Development and validation of machine-learned phenotypes

To create a reference set of labels for sleep, sitting/standing, and walking time, participants in the validation study also wore cameras in natural free-living, rather than constrained laboratory, environments. Wearable cameras automatically take photographs every ~ 20 s, have up to 16 h battery life and storage capacity for over 1 week’s worth of images. When worn, the camera is reasonably close to the wearer’s eye line and has a wide-angle lens to capture everything within the wearer’s view. Each image is time-stamped so duration of sedentary behaviour, waking, and a range of other physical activity behaviours can be captured[52]. To extract sleep information, participants were asked to complete a simple sleep diary, as used in the Whitehall study, which consisted of two questions[53]: ‘what time did you first fall asleep last night?’ and ‘what time did you wake up today (eyes open, ready to get up)?’. Participants were also asked to complete a Harmonised European Time Use Survey diary[54], and sleep information from here was extracted in cases where data was missing from the simple sleep diary. An overview of the distribution of activity behaviours in this training dataset is provided in Supplementary Fig. 11. For every non-overlapping 30-s time window, we then extracted a 126-dimensional feature vector representing a range of time and frequency domain features[14]. For activity classification we used random forests[55] which offer a powerful nonparametric discriminative method for classification that offers state-of-the-art performance[56]. Random forests are able to classify data points, but do not have an understanding of our data as having come from a time series.
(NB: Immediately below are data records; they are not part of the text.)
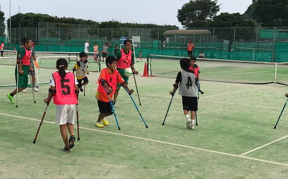 教室はアンプティサッカーとテニス教室に分かれて1時間行いました。アンプティサッカーもテニスも皆さん真剣にボールを追いかけていました。
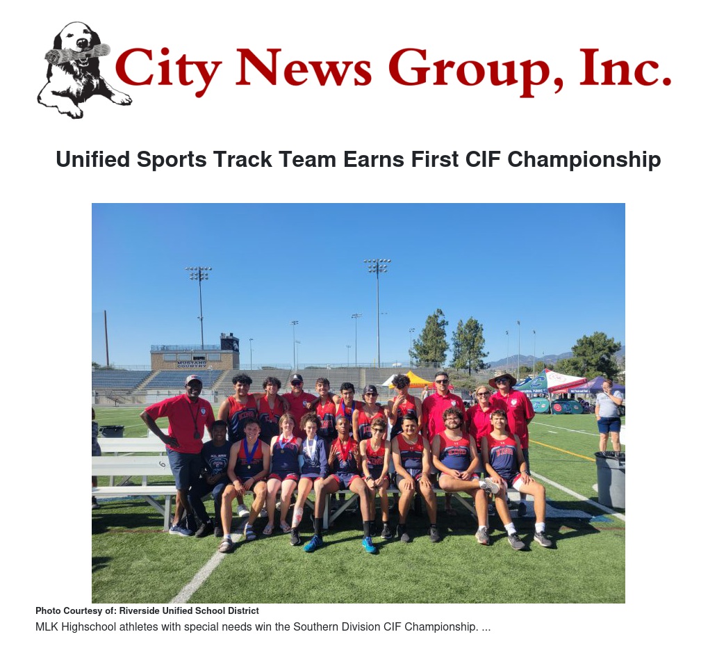 RUSD's Martin Luther King High School recently made Riverside history with the victory of their Unified Sports Track Team, claiming the CIF Southern Division Championship.
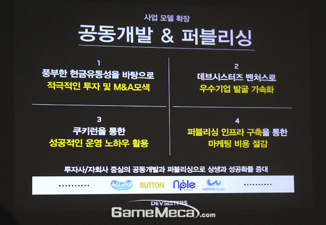 이러한 다수의 신작 라인업은 데브시스터즈 단독이 아닌, 자회사 및 투사자 협력으로 공동개발된다. 지난해 말부터 진행해온 자회사 설립 및 외부 투자가 어느 정도 규모를 갖추면서 개발 협력은 물론 퍼블리싱 사업에 도전할 토대가 마련됐다.
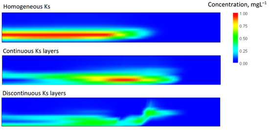 Figure 7 shows the plume distribution for the homogeneous, continuous, and discontinuous cases (Model 1 configuration), 15 years after the tracer was added. The effect of layers and lenses of varying Ks is apparent. The location of the plume and its centre of mass are strongly affected by the different Ks layers and lenses. The spread of the tracer is also slower, and the tracer seems to remain at a greater depth. In the case of discontinuous Ks layers, the tracer does not accumulate in one specific region with high concentrations but spreads out more in the deepest layers. Although it may look as if there is less tracer present in the layered systems (less red colour in Figure 7), the total mass is the same in all model realisations, indicating a larger dispersion (i.e., dilution) of the plume.
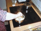Anschließend den Teig wieder von der Kochstelle nehmen und etwas abkühlen lassen.
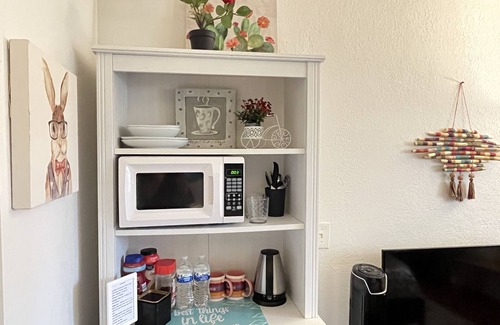 The unit includes high quality plush queen size bed, refrigerator, coffee corner with coffee\tea products, a kettle and a microwave (no full kitchen), AC, 40" cable TV, Hairdryer, Iron and all you need for a comfortable and relaxing stay.
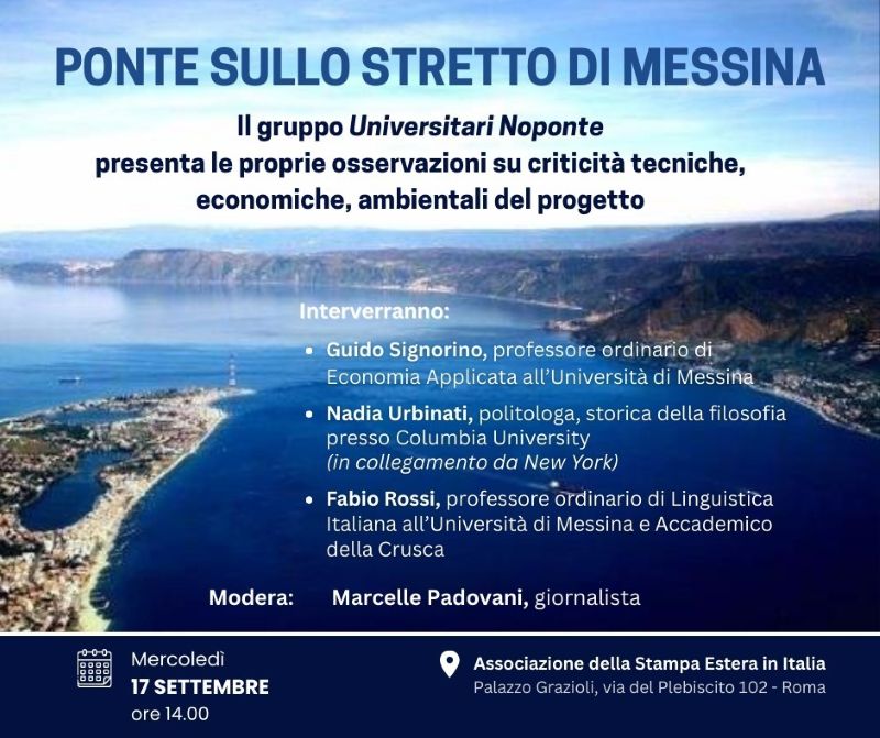 Domani pomeriggio 17 settembre a Roma, Palazzo Grazioli, gli Universitari No Ponte di Messina terranno una conferenza stampa sugli aspetti controversi del progetto
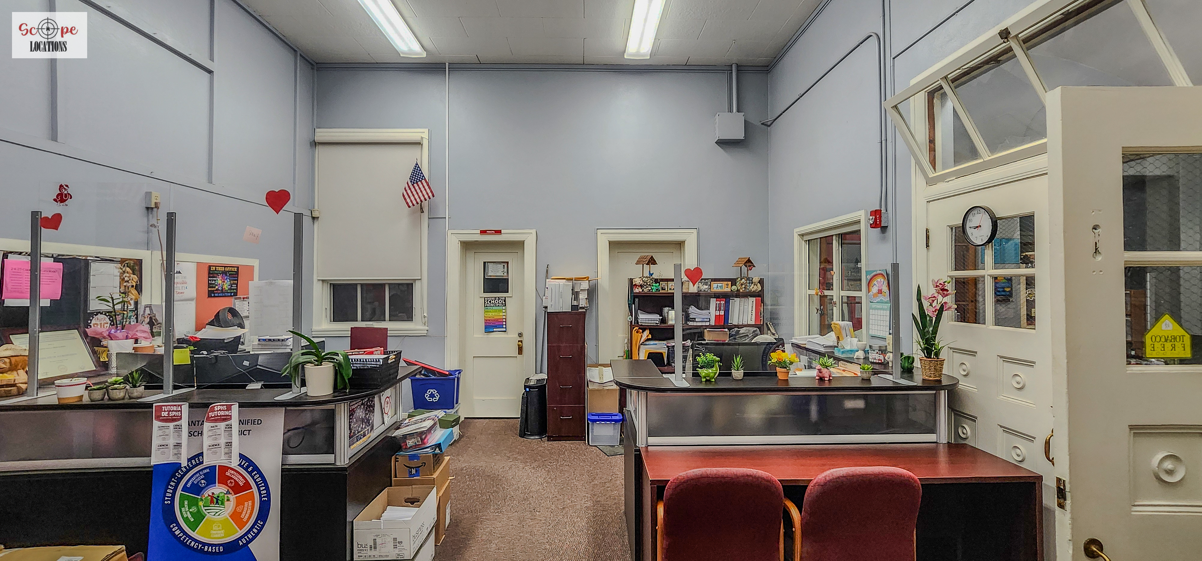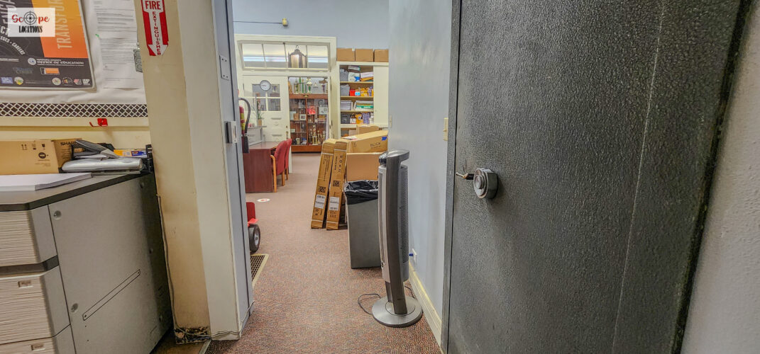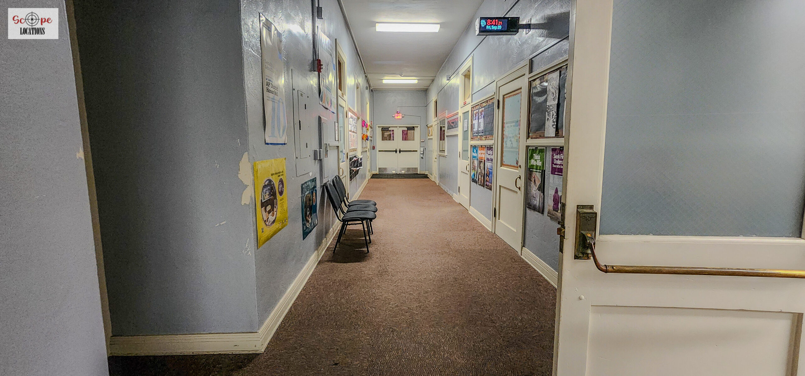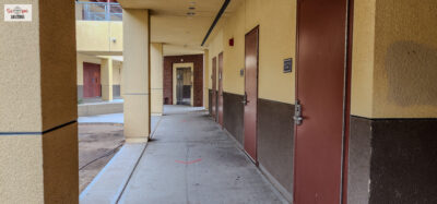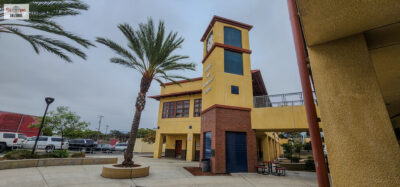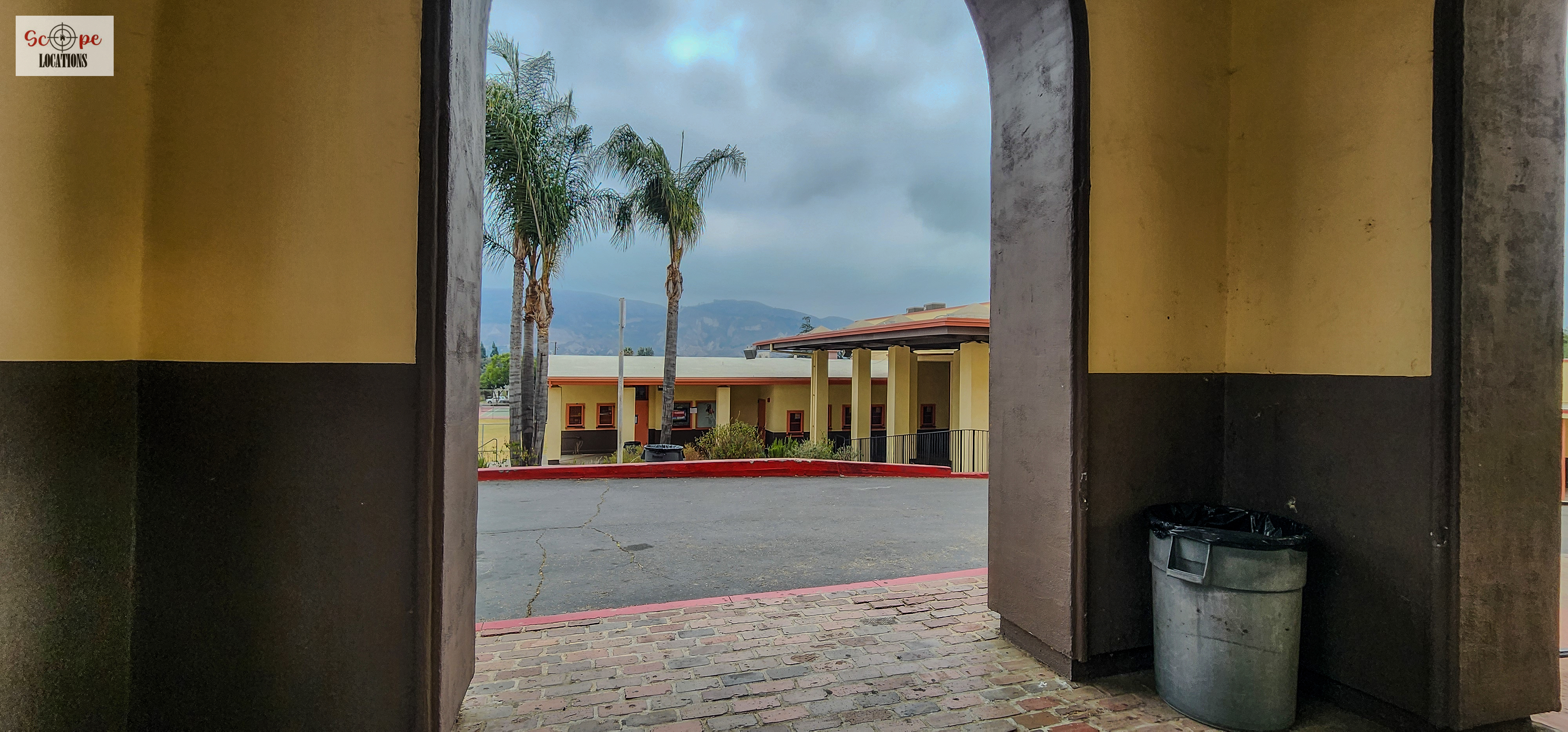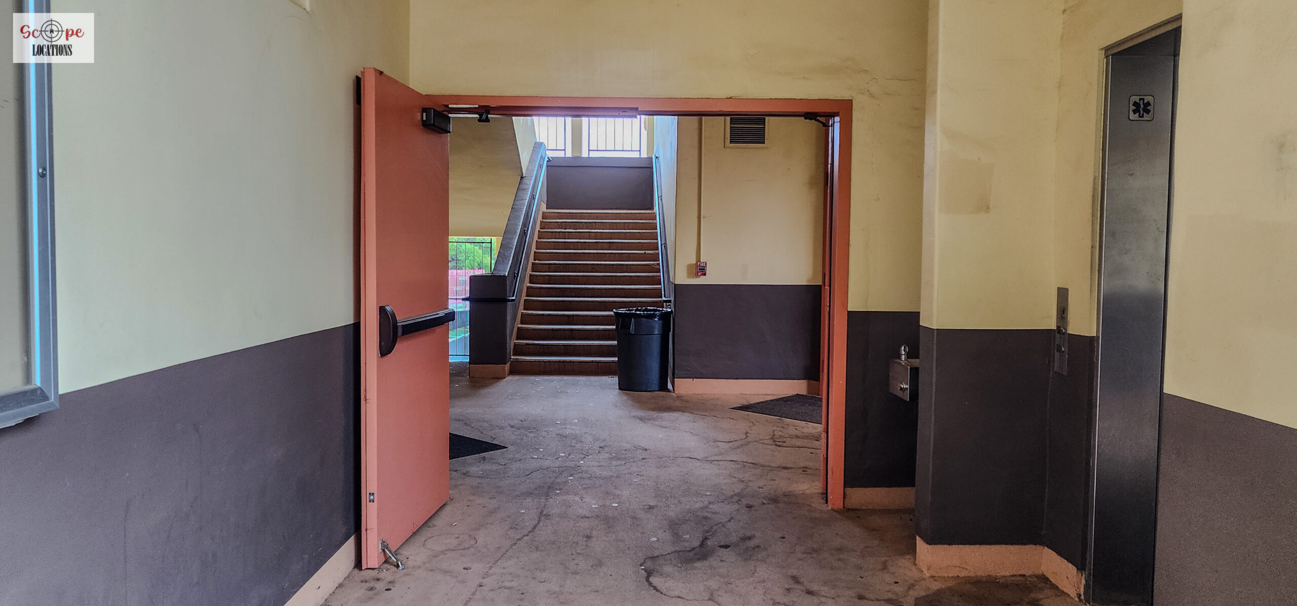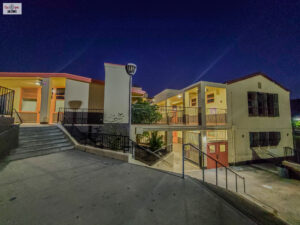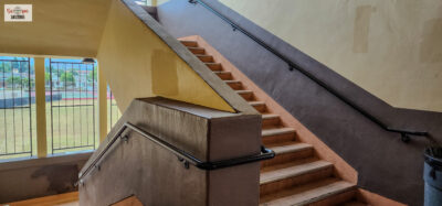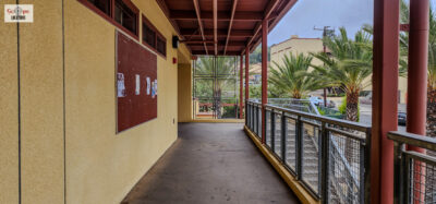 - Original building boasts an iconic facade characterized by a red-tiled roof, stucco walls, and elegant arched entryways
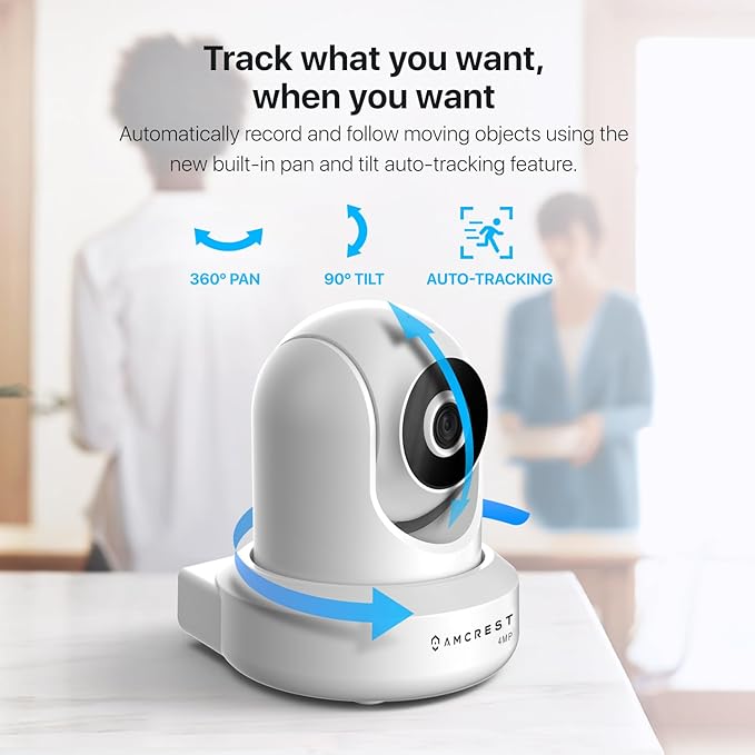 Amcrest 4MP ProHD Indoor WiFi, Security IP Camera with Pan/Tilt, Two-Way Audio, Night Vision, Remote Viewing, 4-Megapixel @30FPS, Wide 90° FOV, IP4M-1041W (White)
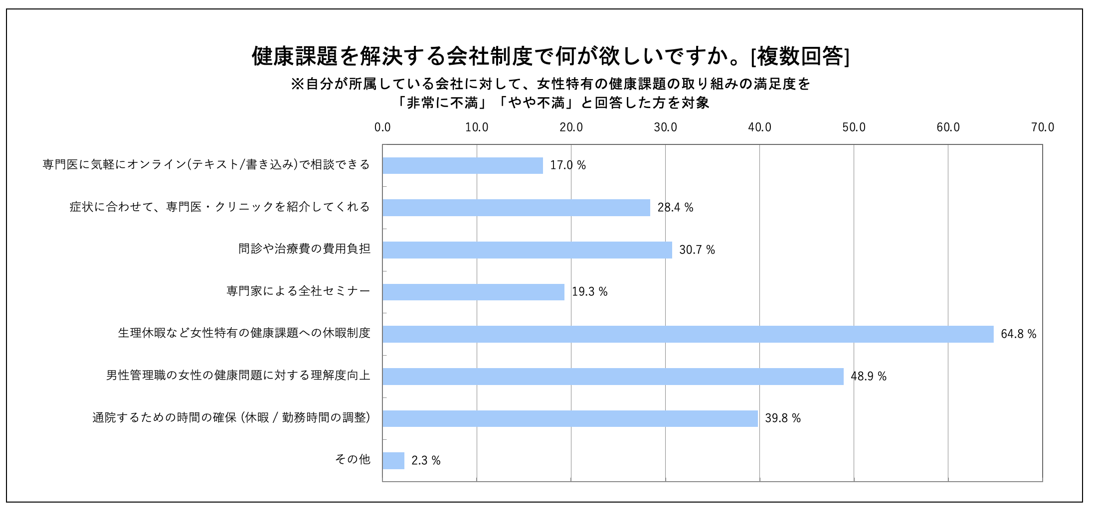 企業の対策としては様々な方法が考えられますが、女性が症状を自覚した際に休むことを奨励するだけではなく、通院などのサポートにより、休まなくても良い状態を作る予防的観点からの対策への要望も目立つ結果となりました。

Therefore we then used a hidden Markov model[57] (HMM) to smooth our predictions. This smoothing corrects erroneous predictions from the random forest, such as where the error is a blip of one activity surrounded by another and the transitions between those two classes of activity are rare. This allowed us to train a model using all free-living ground truth data, achieving 79% accuracy (kappa = 0.68) across classes of interest[14] (Supplementary Table 1).

Physical activity and sleep duration in UK Biobank

To predict sleep, sedentary, walking, and moderate intensity activity time, we applied our machine-learning method to predict behaviour for each 30-s epoch in 103,712 UK Biobank participants’ accelerometer data. A sedentary behaviour is one which has a MET (Metabolic Equivalent of Task) energy expenditure score of ≤ 1.5 and occurs in a sitting, lying, or reclining posture[58]. As an exception to this rule we also categorised the following annotations as sedentary behaviour: driving (code 16010) where assigned MET score is 2.5, and some instances of non-desk work (code 21010 rather than 5080). The complete list of image derived annotations and the phenotype class mappings are available in Supplementary Data 1. For any given time window (e.g., 1 h, 1 day, etc.) the probability of a participant engaging in a specific behaviour type was expressed as the number-of-epoch-predictions-for-class divided by the number-of-epochs. For overall activity levels, we selected average vector magnitude for each 30-s epoch, which is the recommended variable for activity analysis[9]. This variable has been shown to account for 44–47% explained variance vs. combined sensing heart-rate + trunk-acceleration (a proxy for free-living physical activity energy expenditure) in 1695 UK adults[51]. Device non-wear-time was automatically identified as consecutive stationary episodes lasting for at least 60 min[9]. These non-wear segments of data were imputed with the average of similar time-of-day data points, for each behaviour prediction, from different days of the measurement. We excluded participants whose data could not be calibrated (n = 0), had too many clipped values (n = 3), had unrealistically high values (average vector magnitude > 100 mg) (n = 32), or who had poor wear-time (n = 6860). We defined minimum wear-time criteria as having at least 3 days (72 h) of data and also data in each 1-h period of the 24-h cycle[9].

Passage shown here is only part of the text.